Mazal Bruchel is also photographed from a similar viewpoint, inside the purification room. Both of them have been in the business for over 20 years. “In this line of work, I realize how much we much we are nothing in this world. Absolutely nothing,” Bruchel told Friedman. Other photos show the process of interment, sometimes from familiar angles and other times from less familiar ones, starting with the removal of the body from refrigeration up to the burial itself.
Shmuel Taub is a 37-year-old driver for the Hod Hasharon hevra kadisha. He is photographed as he transports a body, which is covered with a velvet cloth embroidered with a large Star of David. He tells Friedman that the main thing he’s learned from this job is to value life. “We think about and get annoyed by a lot of things. In the end we realize that nothing is worth it, we all end up in the same place.”
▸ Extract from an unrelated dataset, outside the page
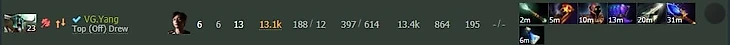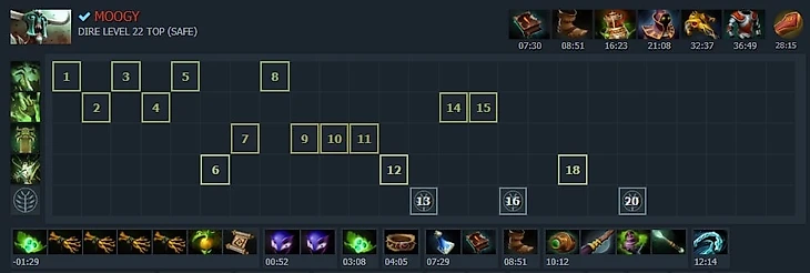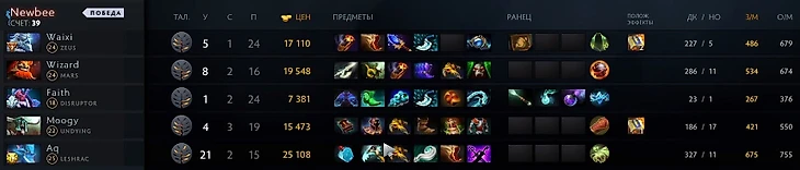 Как видите, Moogy на этом этапе уже больше держится за спинами союзников и почти не бьет с руки. После покупки Вессела он фактически стал четверкой, что подтверждает итоговый фарм.
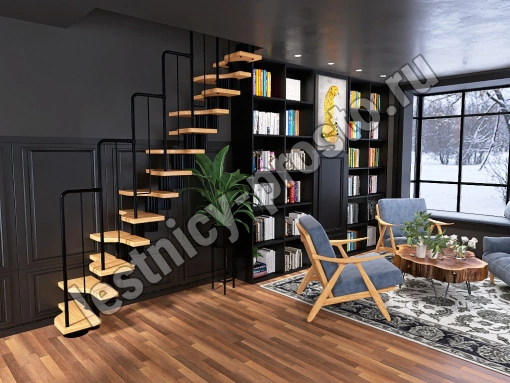 Лестница Prosto Urban Black гусиный шаг 700 мм, h198-288 см (11 ступеней), берёза мультиплекс

Taub says that hardest part of his job is coming to the homes of his clients. “When we come to take the body, we encounter families only moments after the death of their loved ones. These are the most difficult moments. They ask questions. We try to give the most detailed and sensitive explanations so they understand the funeral process in its entirety.”
Six feet under
It’s not easy to photograph people who work around the dead, says Friedman. “Much of the energy went into explaining things before I could actually begin taking pictures. I have to introduce myself and explain why the hell I want to take pictures and interview them.
“One interview I remember well was with [Shmuel] Gutman. He noted something he hears often during eulogies: ‘Tell your dear ones that you love them.’ That same day, over Shabbat dinner, right after the Kiddush over the wine, I told everyone I loved them.”
Was there a moment that broke you?
“Once I came to photograph the hevra kadisha’s refrigerators at the Sheba Medical Center at Tel Hashomer. I was alone. The door opened and a driver brought in a body wrapped in a black bag, which he placed in one of the compartments. I looked up at the ceiling and couldn’t believe I was there. After I finished taking pictures, I came out and asked him where the body was from. He said it was an elderly woman he had brought from a hospice. The scene was real and powerful, but mainly sad. The human aspect was my focus. I chose to concentrate on people doing this non-routine work and the ways in which they deal with it.”